INSTRUCTIONS TO FOLLOW → Look below for the line holding "Чайный напиток по-нанайски: лоза" and the line holding "On 30 September". Transcribe exactly those lines and all lines between them, nothing more.

DATA EXCERPTS →
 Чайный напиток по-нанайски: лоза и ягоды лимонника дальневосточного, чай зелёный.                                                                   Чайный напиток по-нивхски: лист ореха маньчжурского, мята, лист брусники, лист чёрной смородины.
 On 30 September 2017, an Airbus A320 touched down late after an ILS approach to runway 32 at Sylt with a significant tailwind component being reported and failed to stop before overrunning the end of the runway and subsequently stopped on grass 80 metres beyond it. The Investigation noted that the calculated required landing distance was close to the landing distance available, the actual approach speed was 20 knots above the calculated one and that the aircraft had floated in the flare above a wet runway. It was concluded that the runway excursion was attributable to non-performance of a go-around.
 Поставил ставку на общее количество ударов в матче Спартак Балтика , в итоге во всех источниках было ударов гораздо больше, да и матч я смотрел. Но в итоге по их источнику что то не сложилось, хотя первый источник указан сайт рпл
---
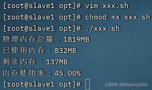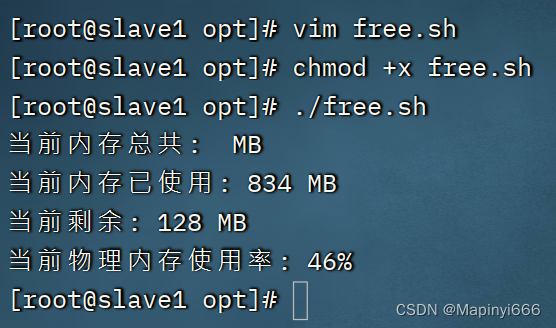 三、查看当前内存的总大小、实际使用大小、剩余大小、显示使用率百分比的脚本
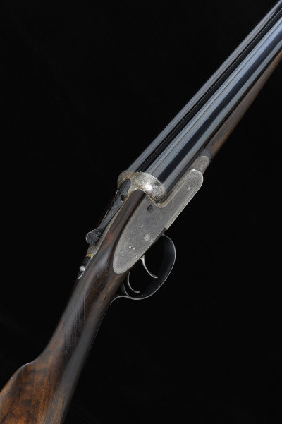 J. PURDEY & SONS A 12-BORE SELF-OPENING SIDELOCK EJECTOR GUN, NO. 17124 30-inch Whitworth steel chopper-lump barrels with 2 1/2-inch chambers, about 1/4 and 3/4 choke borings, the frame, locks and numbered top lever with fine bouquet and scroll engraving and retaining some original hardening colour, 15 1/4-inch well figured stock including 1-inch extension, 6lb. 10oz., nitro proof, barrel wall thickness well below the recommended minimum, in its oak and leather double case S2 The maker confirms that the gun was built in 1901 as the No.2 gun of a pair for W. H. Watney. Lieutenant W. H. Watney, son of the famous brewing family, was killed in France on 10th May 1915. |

EXERCISE RESULT →
 Чайный напиток по-нанайски: лоза и ягоды лимонника дальневосточного, чай зелёный.                                                                   Чайный напиток по-нивхски: лист ореха маньчжурского, мята, лист брусники, лист чёрной смородины.
 On 30 September 2017, an Airbus A320 touched down late after an ILS approach to runway 32 at Sylt with a significant tailwind component being reported and failed to stop before overrunning the end of the runway and subsequently stopped on grass 80 metres beyond it. The Investigation noted that the calculated required landing distance was close to the landing distance available, the actual approach speed was 20 knots above the calculated one and that the aircraft had floated in the flare above a wet runway. It was concluded that the runway excursion was attributable to non-performance of a go-around.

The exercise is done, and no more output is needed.